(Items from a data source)
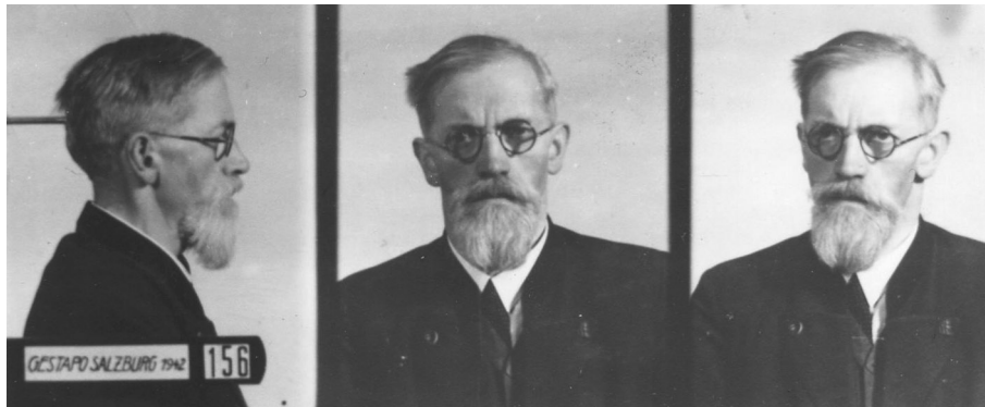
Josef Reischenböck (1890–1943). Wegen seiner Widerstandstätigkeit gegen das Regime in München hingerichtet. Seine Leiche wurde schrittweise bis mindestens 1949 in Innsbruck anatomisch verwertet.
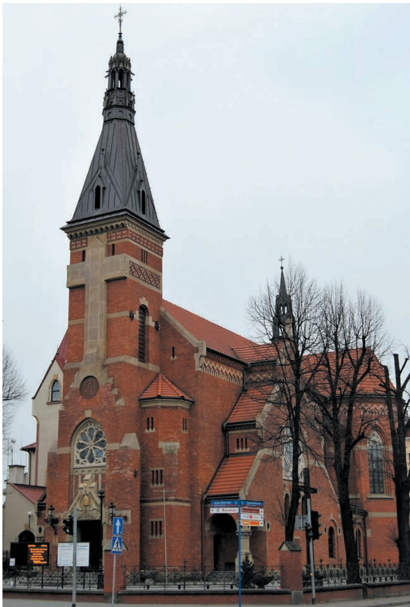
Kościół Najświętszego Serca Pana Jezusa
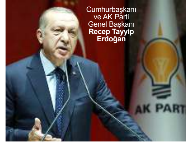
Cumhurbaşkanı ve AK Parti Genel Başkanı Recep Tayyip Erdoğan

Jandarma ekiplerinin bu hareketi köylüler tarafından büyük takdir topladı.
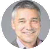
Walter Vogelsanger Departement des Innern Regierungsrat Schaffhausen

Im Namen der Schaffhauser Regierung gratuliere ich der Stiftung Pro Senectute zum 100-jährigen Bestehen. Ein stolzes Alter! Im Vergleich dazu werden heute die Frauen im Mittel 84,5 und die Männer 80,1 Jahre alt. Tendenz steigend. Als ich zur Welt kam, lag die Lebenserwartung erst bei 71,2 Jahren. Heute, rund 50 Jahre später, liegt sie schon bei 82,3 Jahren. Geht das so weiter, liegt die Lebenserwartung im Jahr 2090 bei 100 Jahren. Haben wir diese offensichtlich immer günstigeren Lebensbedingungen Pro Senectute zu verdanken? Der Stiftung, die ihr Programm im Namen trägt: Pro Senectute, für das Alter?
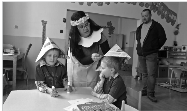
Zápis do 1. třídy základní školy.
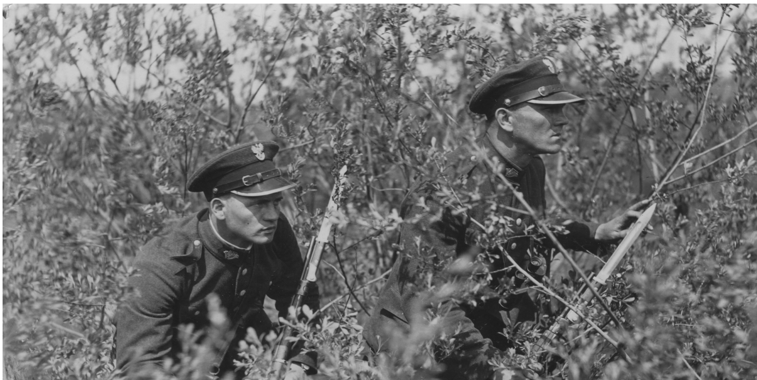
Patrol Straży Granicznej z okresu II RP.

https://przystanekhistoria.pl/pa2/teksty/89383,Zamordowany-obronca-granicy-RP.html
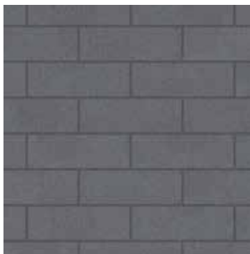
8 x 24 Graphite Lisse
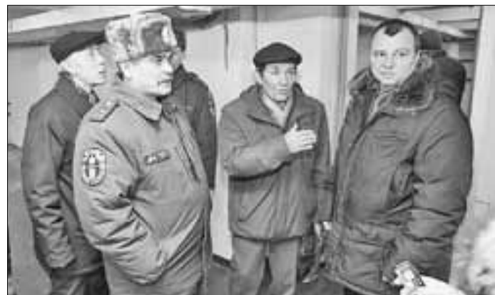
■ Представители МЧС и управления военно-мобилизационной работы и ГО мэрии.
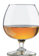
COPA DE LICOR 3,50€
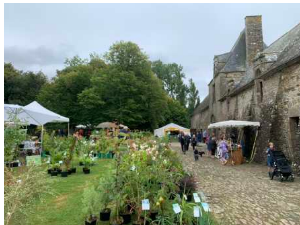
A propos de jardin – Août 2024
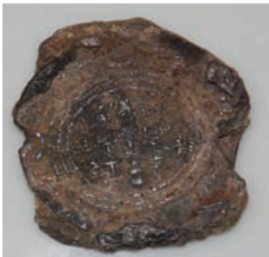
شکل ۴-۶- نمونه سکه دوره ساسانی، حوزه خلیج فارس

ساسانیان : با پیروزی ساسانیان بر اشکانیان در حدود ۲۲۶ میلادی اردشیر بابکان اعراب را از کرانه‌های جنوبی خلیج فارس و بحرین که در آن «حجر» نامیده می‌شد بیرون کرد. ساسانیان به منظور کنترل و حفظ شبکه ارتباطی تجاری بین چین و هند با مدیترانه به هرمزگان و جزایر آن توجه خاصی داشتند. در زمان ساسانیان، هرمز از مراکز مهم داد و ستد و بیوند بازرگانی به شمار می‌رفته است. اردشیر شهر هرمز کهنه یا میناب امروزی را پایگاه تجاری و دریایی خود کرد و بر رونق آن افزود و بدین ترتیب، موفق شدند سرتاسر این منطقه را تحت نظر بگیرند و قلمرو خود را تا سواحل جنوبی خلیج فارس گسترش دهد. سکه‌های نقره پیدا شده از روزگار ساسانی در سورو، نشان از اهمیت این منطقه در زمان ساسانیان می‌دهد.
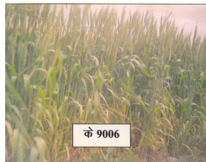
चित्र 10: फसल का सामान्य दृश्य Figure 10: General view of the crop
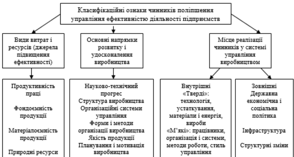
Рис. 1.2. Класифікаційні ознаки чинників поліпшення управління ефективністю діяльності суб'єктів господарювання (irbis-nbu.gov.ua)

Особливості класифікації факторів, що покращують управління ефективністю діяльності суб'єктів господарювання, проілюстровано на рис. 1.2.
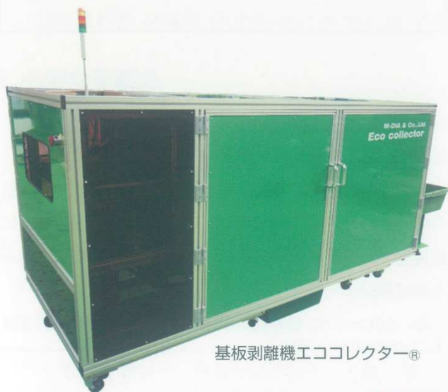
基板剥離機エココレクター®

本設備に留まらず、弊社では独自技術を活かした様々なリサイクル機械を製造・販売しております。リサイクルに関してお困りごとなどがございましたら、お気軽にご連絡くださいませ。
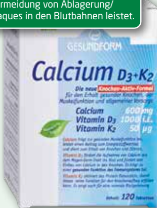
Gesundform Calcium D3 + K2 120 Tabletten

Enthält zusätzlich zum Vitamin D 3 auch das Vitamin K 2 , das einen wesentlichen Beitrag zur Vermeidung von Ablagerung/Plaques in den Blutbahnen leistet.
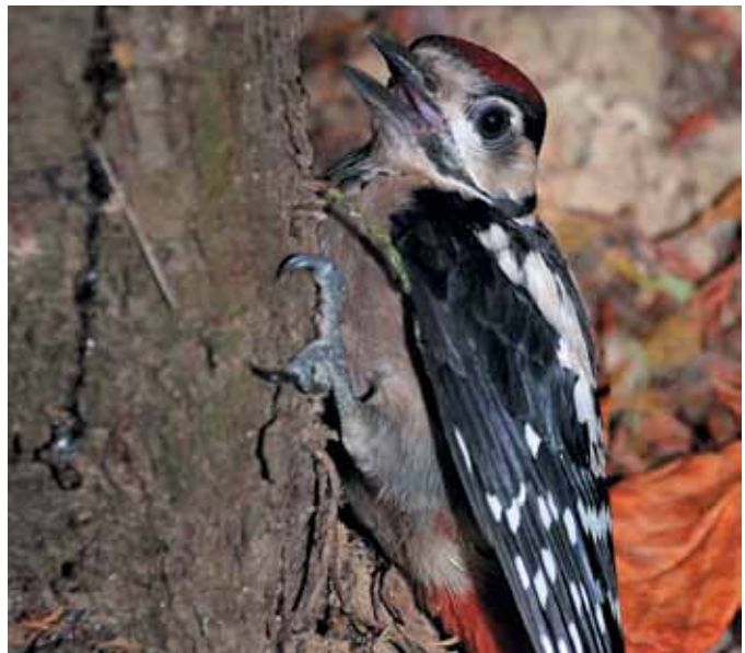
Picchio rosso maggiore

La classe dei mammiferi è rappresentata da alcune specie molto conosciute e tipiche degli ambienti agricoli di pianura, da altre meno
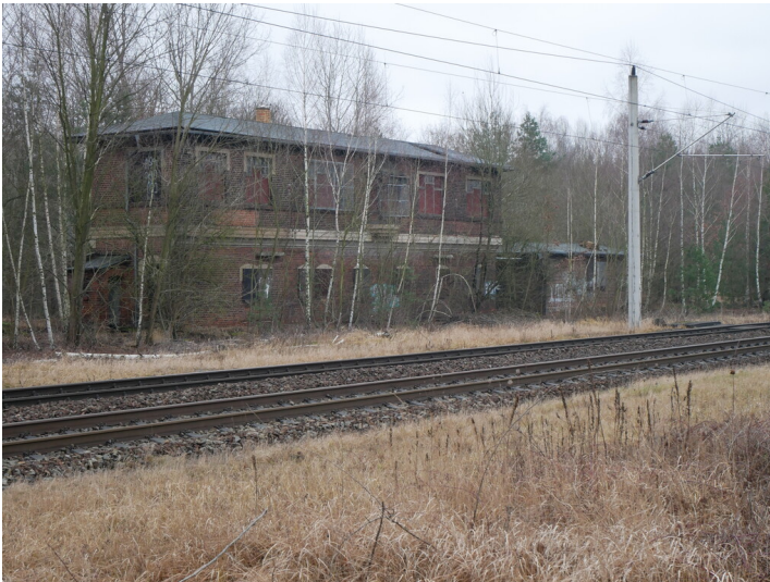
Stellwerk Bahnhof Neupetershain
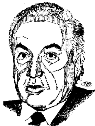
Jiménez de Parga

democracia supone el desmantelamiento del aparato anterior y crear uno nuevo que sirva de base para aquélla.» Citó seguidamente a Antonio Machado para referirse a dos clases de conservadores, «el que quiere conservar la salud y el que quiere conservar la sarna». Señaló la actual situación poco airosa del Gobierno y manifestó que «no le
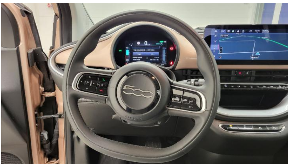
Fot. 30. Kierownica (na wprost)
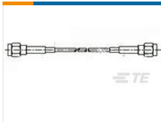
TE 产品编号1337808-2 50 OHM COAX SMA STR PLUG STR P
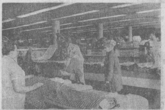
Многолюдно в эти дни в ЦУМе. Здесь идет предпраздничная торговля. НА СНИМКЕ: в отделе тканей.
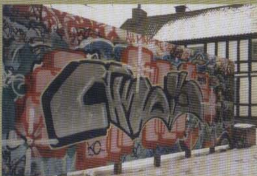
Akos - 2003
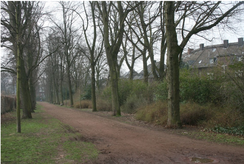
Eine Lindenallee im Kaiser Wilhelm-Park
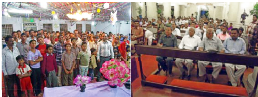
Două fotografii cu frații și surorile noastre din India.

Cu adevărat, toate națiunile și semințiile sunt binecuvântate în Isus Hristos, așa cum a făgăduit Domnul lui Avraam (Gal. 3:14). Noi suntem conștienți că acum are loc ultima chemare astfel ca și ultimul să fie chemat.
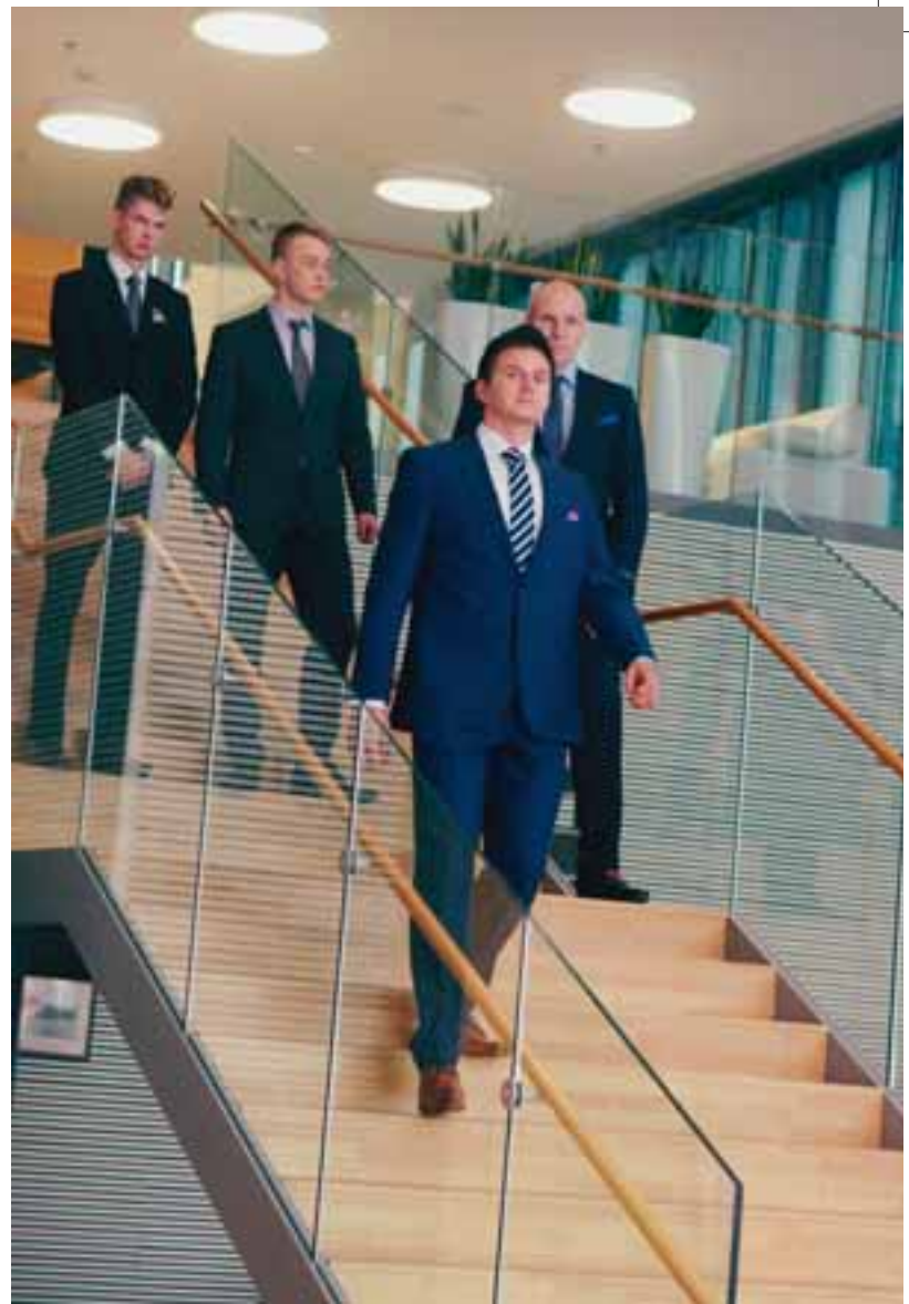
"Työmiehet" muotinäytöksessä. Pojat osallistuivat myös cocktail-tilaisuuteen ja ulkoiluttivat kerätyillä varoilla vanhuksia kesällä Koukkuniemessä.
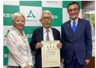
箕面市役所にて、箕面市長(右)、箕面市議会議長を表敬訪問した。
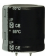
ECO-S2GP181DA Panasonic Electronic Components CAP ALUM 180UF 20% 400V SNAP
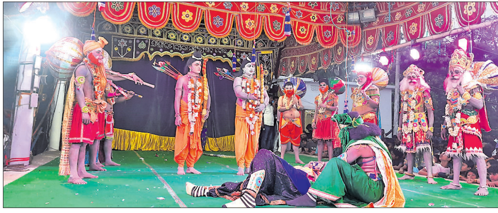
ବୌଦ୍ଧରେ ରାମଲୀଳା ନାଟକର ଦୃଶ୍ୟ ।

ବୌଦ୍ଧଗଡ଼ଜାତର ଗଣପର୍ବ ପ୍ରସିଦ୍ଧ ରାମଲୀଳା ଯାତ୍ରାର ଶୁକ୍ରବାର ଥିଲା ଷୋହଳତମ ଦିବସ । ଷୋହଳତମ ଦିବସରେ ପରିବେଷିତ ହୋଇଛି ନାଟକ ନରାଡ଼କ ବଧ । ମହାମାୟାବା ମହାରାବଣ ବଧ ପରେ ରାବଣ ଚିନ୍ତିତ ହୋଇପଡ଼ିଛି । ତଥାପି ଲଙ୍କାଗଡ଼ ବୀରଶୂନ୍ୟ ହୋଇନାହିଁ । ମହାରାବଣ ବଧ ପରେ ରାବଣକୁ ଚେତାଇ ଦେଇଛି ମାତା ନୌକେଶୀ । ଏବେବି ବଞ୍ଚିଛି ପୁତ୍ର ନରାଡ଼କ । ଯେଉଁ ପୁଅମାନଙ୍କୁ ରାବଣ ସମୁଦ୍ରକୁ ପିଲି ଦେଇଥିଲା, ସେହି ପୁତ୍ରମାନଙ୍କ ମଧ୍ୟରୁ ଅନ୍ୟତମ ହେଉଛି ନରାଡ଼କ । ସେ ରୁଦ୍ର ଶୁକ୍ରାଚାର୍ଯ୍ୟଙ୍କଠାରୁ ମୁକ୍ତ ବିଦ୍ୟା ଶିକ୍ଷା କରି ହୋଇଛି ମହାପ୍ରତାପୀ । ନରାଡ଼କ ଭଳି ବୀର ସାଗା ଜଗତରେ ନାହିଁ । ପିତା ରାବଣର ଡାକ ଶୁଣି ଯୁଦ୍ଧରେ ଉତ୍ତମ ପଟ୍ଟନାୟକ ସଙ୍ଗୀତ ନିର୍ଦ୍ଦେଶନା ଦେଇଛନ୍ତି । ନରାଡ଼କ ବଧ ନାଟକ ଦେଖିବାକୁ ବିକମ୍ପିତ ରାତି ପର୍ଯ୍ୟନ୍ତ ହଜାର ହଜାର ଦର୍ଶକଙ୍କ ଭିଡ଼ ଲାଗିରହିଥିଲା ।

INSTRUCTIONS FOR THE TASK:
What number of lines in the records contain the word "فارس"? Answer with that number alone.

EXERCISE OUTPUT:
2